In every photograph of a person at Walden there are actually at least three people. There is the person visibly in the frame; there is the photographer; and there is Thoreau – that tedious, heroic figure. And I would add to this cast of characters the place itself, Walden, which has its own voice (both imagined and real). I am interested in exploring the relationship between these four personalities, so that even when there is no person in the frame there is still a dialogue.
I am interested in the voices that can be heard, but also those that really can’t (the voice of Walden itself, as part of an ecosystem that ignores its own name; the voice of the people in the frame, what they are truly saying).
What is strange about these various dialogues is that if you can hear anything at all, you can hear only a snippet, and, to me, there is some great poetic frustration in that.
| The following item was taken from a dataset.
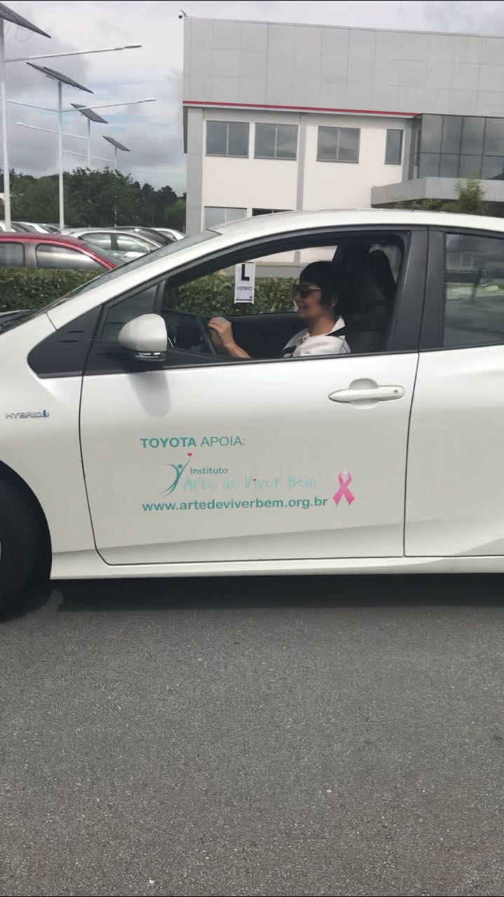 A moça morena que dirige o Toyota Prius por ai é a Valéria Baraccat, presidente e fundadora do Instituto Arte de Viver, que teve duas vezes Câncer de Mama e passou por 13 cirurgias e segue firme, correndo de lá pra cá, lutando para que outras mulheres não passem pelo que ela passou.

The photograph is a rendering of an instant in time. Because the instant is rendered, there is a great opportunity to explore it. This is kind of like running your hands through a chest of gold coins that turns out to be a hologram (the sense of value lingers). Or like hitting your head against a wall, which is a good description of philosophy, generally speaking.
All the available dialogues are important to my sense of this place, but perhaps I am most compelled when there is a person in the frame. Here the dialogue is primarily about that person’s interaction with Walden. It is private and very valuable and there is something intrusive, even violent, about my presence and the act of photographing. I am also struck by how these moments of private dialogue transcend considerations of the historicity of the place. I did not expect that.
The point of using extreme crops is partially to expose the limitations of the photograph – its status as rendering, its nature as surface. Yet, this is not merely an aesthetic exercise. The aim is to articulate both the temporal and spatial distance between the photographer and the person in the frame. I cannot hear what that person is saying, but I want to so badly.
And thus begins, the fifth dialogue. The dialogue of the photograph with the viewer.